Other details include the fact that at least some of the landing website used by BadRabbit to collect ransom payments was updated as recently as October 19. Based on additional examination, Group-IB found the same set of domains Salted Hash did, and speculated that the actor’s responsible for Tuesday’s mayhem used bulletproof hosting.

Finally, Group-IB has suggested a link between the BadRabbit and the Black Energy campaigns.

Update: 10/25/17 12:35 p.m

Avast said on Tuesday that they had detected BadRabbit in the U.S., however, there wasn’t much clarification as to what that means.

As things stand at the time this update was written, McAfee, Bitdefender, and Avira, have all said no when it comes to the question of U.S. infections. Kaspersky referred to their existing blogs (which do not mention U.S. infections) and ESET said they’ve had no infections in the US.

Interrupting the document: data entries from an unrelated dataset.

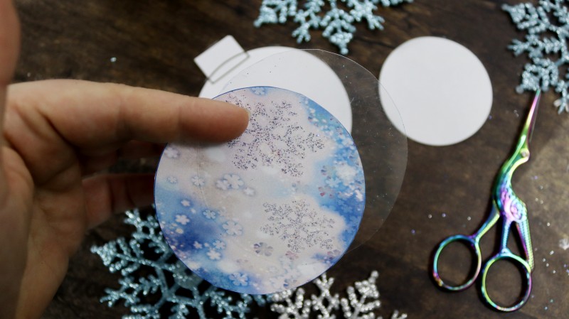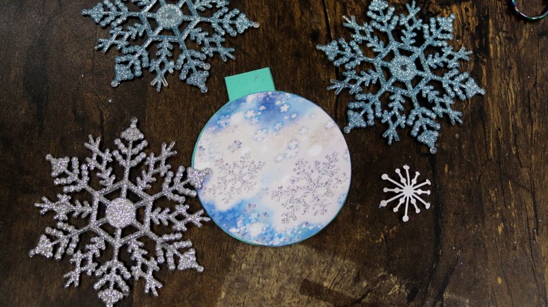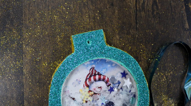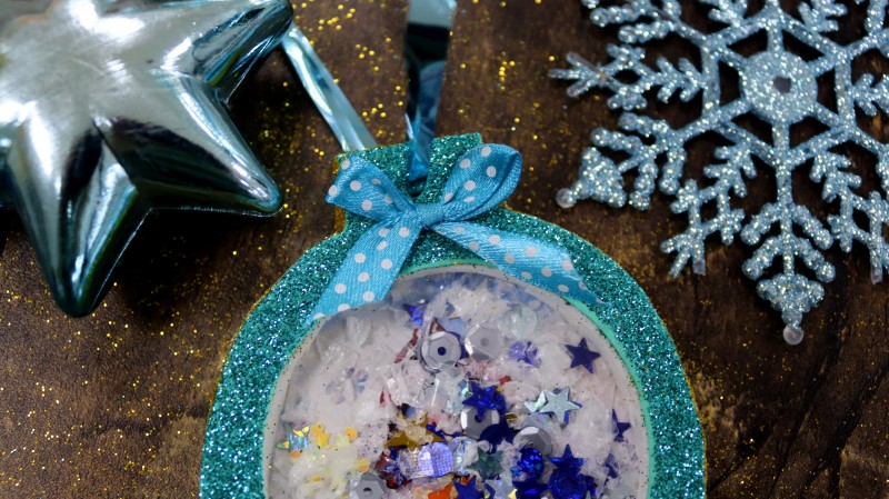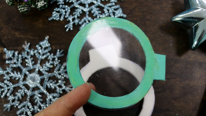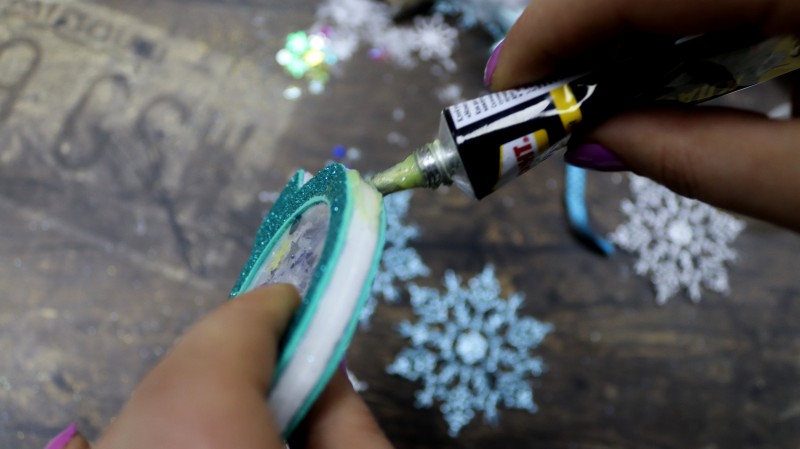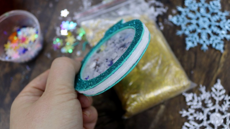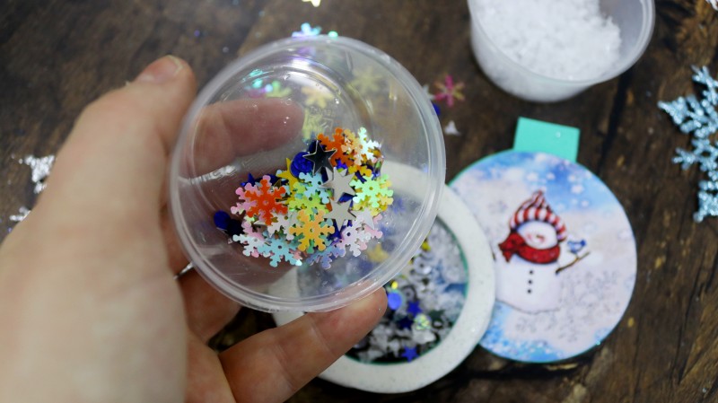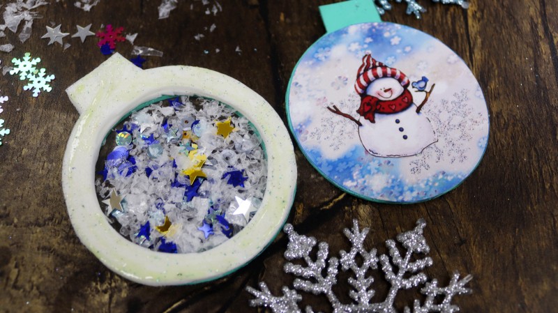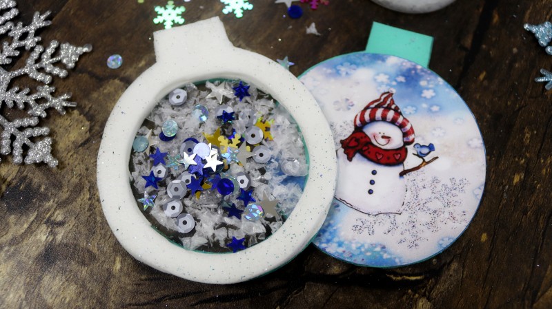 10. Теперь приступаем к самому интересному и творческому процессу. Заполняем полученное объемное "окошко" мелкими яркими детальками и искусственным снегом, которые будут перемещаться внутри при движении.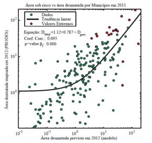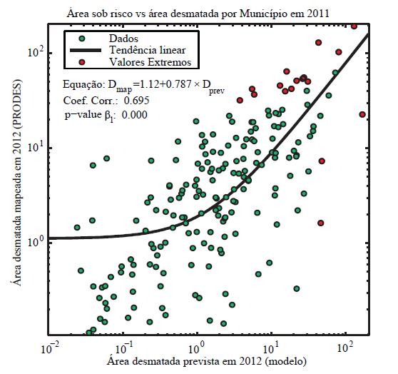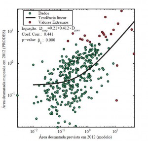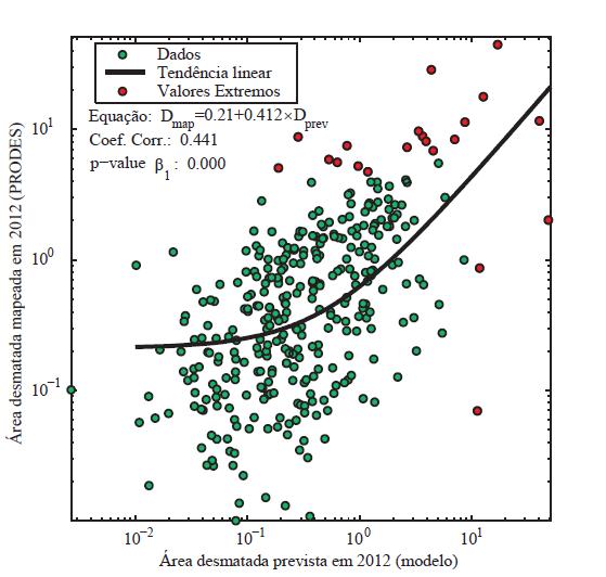 A Figura 3 mostra uma comparação entre a área de desmatamento estimada pelo modelo (eixo horizontal) e a área desmatada mapeada pelo Prodes (eixo vertical) em todos os Municípios da Amazônia. No gráfico, a reta mostra a tendência linear da relação entre as duas variáveis. A escala nos dois eixos foi log-transformada para facilitar a visualização dos pontos no gráfico. O gráfico indica boa relação entre estimativas e valores mapeados para Municípios com área desmatada maior que um quilômetro quadrado. Em geral, ouve correlação moderada entre o desmatamento detectado pelo Prodes nos municípios e a área desmatada prevista (r = 0,69). Os Municípios destacados em vermelho representam casos de Municípios onde o desmatamento mapeado diferiu da tendência da relação ajustada entre o desmatamento mapeado e o estimado pelo modelo, e esses Municípios estão listados na Tabela 1. Por exemplo, os Municípios de Cachoeira do Piriá e Brasil Novo são exemplos de Municípios onde o desmatamento foi significantemente abaixo do que o projetado pelo modelo, enquanto que os demais Municípios listados apresentaram desmatamento significativamente acima do projetado pelo modelo de acordo com o histórico. As maiores diferenças estão nos Municípios de Altamira (PA) Porto Velho (RO) e Lábrea (AM) que tiveram desmatamento bem maior que o projetado.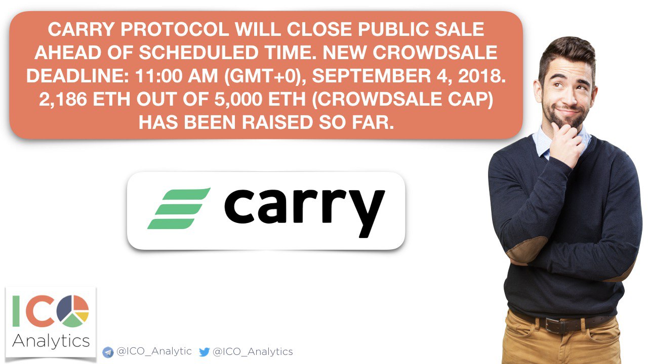 ββCarry Protocol will close Public Sale ahead of scheduled time. New crowdsale deadline: 11:00 am (GMT+0) on September 4, 2018.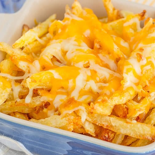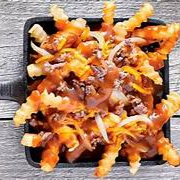 Papas a la francesa con carne de adobada con crema y queso tipo nacho

In their post Avast says: “While the U.S. and other central and eastern European countries, including Poland and Romania have also been affected, the number of encounters in these countries, including the U.S., were much lower than what we have observed in Russia. However, at the time of writing, we calculate a detection rate of only one percent or less in each of these regions.”

However, after publishing their blog, Avast clarified their remarks to Salted Hash. What they’re reporting are attempts, not actual infections.

In a statement, the company said that the “percentages provided are for blocked attempts.”

Check Point also reported that BadRabbit was detected in the U.S. (Credit: Chris Bing, CyberScoopNews)

However, the malware research team lead at Check Point, Yaniv Balmas, said that these detections came from the logs on threat emulation devices. For those who don’t know, these devices act as a sandbox, and protect Check Point customers by emulating files sent to them via email or the web.

“The fact we are seeing logs from these devices means that the Bad Rabbit files were present at several of our US clients networks,” Balmas said.

So, if the BadRabbit files were in the sandbox, then once more we’re talking detections, not infections – an observation that Check Point confirmed to Salted Hash.

This is a good thing, but it isn’t an excuse to ignore the problem. The running advice for administrators the world over still stands: Check your backups; confirm they are running and current; now test them. Do this on a regular basis.